Work instructions: None of the pictures should be copied, though every line of the listing must be printed exactly.

Supplied material:
==========
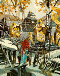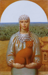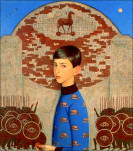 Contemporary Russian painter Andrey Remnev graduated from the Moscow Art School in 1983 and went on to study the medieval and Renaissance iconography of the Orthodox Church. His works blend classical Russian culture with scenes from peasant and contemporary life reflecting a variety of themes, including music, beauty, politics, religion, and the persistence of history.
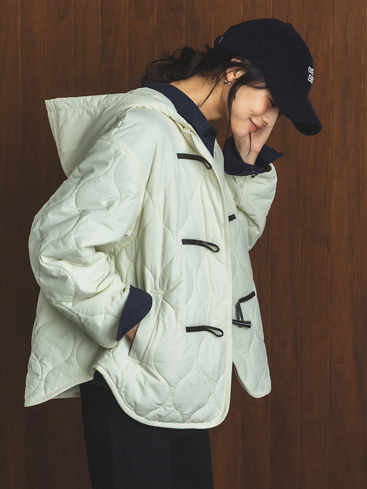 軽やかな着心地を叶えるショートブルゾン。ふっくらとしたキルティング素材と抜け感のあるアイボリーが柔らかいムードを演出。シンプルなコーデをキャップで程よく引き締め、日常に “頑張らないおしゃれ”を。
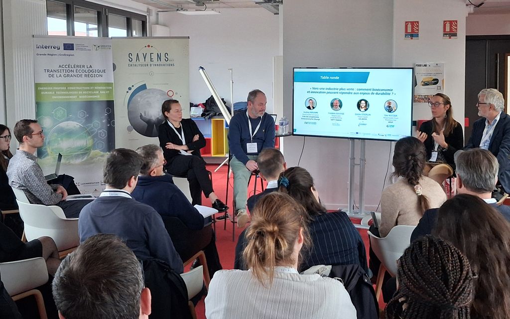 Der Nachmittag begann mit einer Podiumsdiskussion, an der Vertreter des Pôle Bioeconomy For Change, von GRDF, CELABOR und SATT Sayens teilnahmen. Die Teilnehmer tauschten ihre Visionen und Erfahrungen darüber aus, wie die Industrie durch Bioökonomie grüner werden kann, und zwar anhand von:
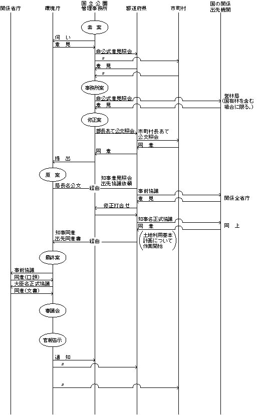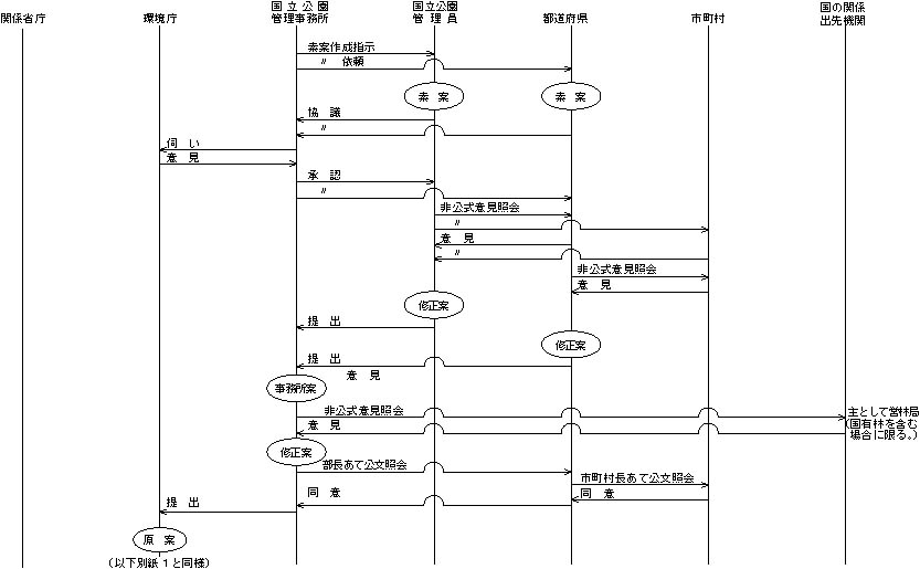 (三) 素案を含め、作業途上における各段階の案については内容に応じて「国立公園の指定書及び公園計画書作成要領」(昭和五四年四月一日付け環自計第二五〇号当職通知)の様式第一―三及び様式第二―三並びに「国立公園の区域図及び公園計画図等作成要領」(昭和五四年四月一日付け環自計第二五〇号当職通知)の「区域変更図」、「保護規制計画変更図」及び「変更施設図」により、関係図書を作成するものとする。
==========
Response:
 Contemporary Russian painter Andrey Remnev graduated from the Moscow Art School in 1983 and went on to study the medieval and Renaissance iconography of the Orthodox Church. His works blend classical Russian culture with scenes from peasant and contemporary life reflecting a variety of themes, including music, beauty, politics, religion, and the persistence of history.
 軽やかな着心地を叶えるショートブルゾン。ふっくらとしたキルティング素材と抜け感のあるアイボリーが柔らかいムードを演出。シンプルなコーデをキャップで程よく引き締め、日常に “頑張らないおしゃれ”を。
 Der Nachmittag begann mit einer Podiumsdiskussion, an der Vertreter des Pôle Bioeconomy For Change, von GRDF, CELABOR und SATT Sayens teilnahmen. Die Teilnehmer tauschten ihre Visionen und Erfahrungen darüber aus, wie die Industrie durch Bioökonomie grüner werden kann, und zwar anhand von:
 (三) 素案を含め、作業途上における各段階の案については内容に応じて「国立公園の指定書及び公園計画書作成要領」(昭和五四年四月一日付け環自計第二五〇号当職通知)の様式第一―三及び様式第二―三並びに「国立公園の区域図及び公園計画図等作成要領」(昭和五四年四月一日付け環自計第二五〇号当職通知)の「区域変更図」、「保護規制計画変更図」及び「変更施設図」により、関係図書を作成するものとする。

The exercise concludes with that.